Subjective Effect Index
- Website type: Documentation and classification (of hallucinogen effects)
- Creators: Josie Kins; Mindstate Design Labs
- Website: www.effectindex.com

= Subjective Effect Index =

Classification of recreational drug effects

The Subjective Effect Index (SEI), or simply Effect Index, is a formalized documentation and granular classification system of the subjective effects of hallucinogens, for instance of serotonergic psychedelics like LSD, psilocybin, mescaline, and dimethyltryptamine (DMT). It has the aim of developing a universal terminology set for discussing and describing these effects. In addition to text descriptions, the SEI also includes image, video, and audio replications of hallucinogen effects.

The SEI contains 233 different effects in total, including 52 different visual effects. The effects are divided into three groups: physical effects, sensory effects, and cognitive effects. The visual effects in the SEI have been described as more rigorous, whereas cognitive and emotional effects have been harder to define.
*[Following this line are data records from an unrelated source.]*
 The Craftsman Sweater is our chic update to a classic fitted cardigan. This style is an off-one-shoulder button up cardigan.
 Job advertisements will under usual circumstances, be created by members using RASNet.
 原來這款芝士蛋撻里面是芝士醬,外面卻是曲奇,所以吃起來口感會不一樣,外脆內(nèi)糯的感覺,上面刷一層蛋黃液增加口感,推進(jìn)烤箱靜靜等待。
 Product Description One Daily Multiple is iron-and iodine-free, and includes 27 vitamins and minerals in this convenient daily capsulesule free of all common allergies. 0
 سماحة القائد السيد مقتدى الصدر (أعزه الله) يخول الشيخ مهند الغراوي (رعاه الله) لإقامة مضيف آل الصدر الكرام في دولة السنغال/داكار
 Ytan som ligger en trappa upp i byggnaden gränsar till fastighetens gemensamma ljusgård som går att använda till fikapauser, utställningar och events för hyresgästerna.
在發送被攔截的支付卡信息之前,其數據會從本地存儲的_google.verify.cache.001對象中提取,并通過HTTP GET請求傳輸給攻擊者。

Some examples of specific SEI effects include diffraction, increased pareidolia, double vision, texture liquidation, ego dissolution, sedation, tactile enhancement, spontaneous bodily sensations, changes in felt gravity, nausea, appetite suppression, and increased heart rate, among others.
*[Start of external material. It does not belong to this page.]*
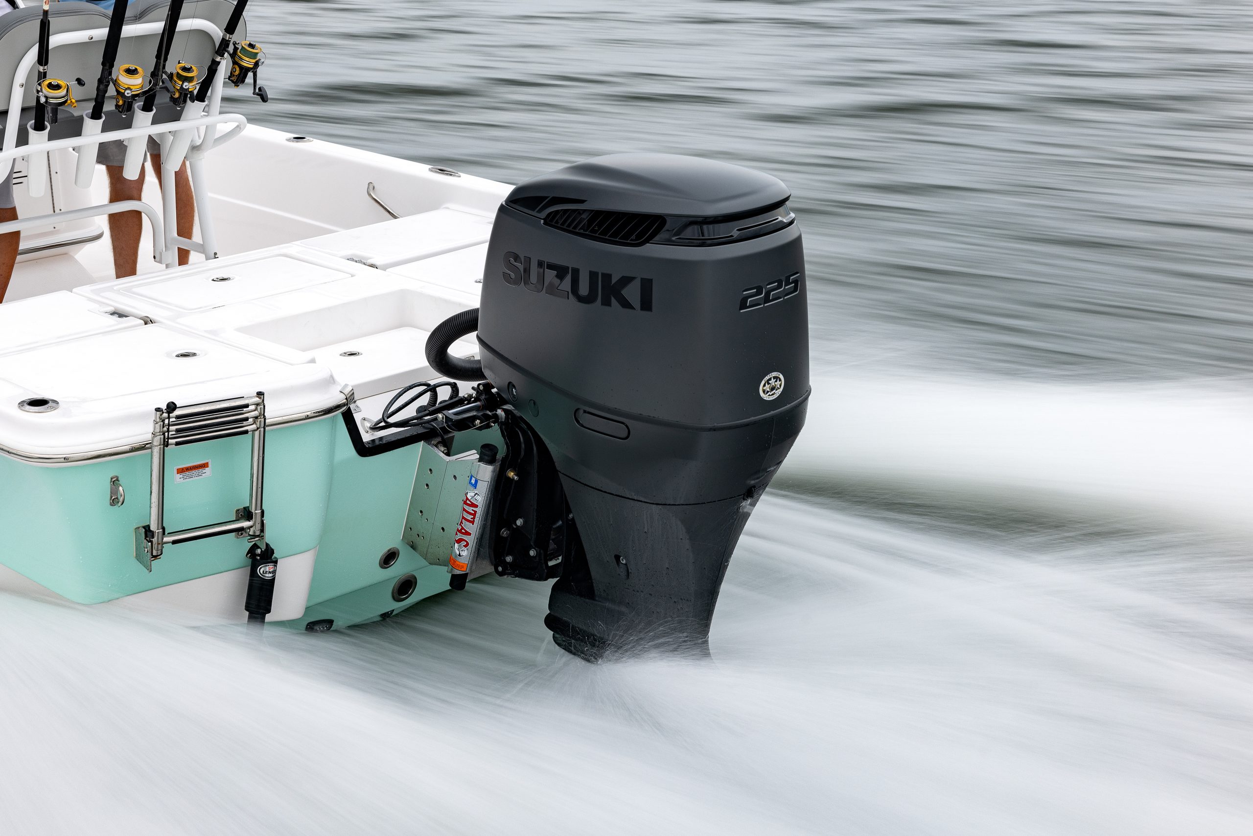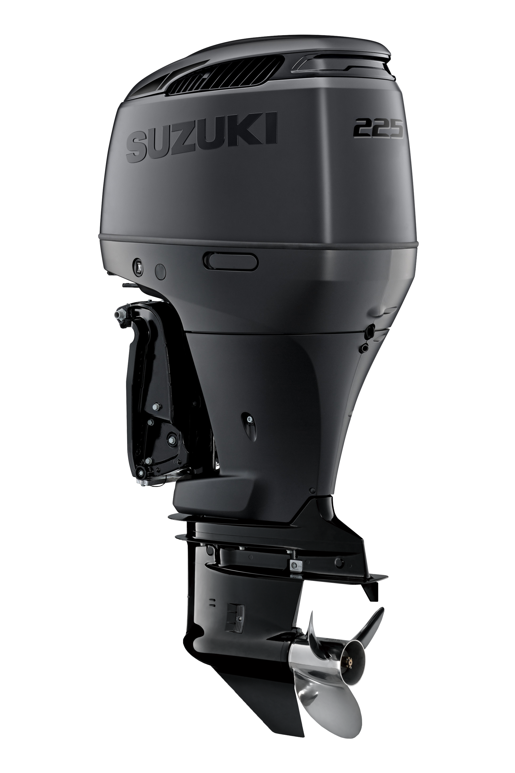 The new STEALTH DF225T is a 3.6L V-6 engine with mechanical controls, compatible with Suzuki’s CAN Bus for features like auto trim, keyless start, and troll mode. It includes dual overhead cams, 24 valves, variable valve timing, multi-stage induction, and enhanced cowling for improved performance and efficiency.

The SEI was developed by Josie Kins starting in 2011 and was publicly launched as a dedicated website in 2017. It has been described as an informal classification system and "citizen science" project. According to Kins, the effects in the SEI were essentially based on her own experiences and those of her friends, and hence are anecdotal in nature. She began working on the SEI after having her first psychedelic experience and wanting to learn more about the effects of psychedelics, but discovering, to her surprise, that nothing satisfactory and comprehensive in systematically describing these effects existed.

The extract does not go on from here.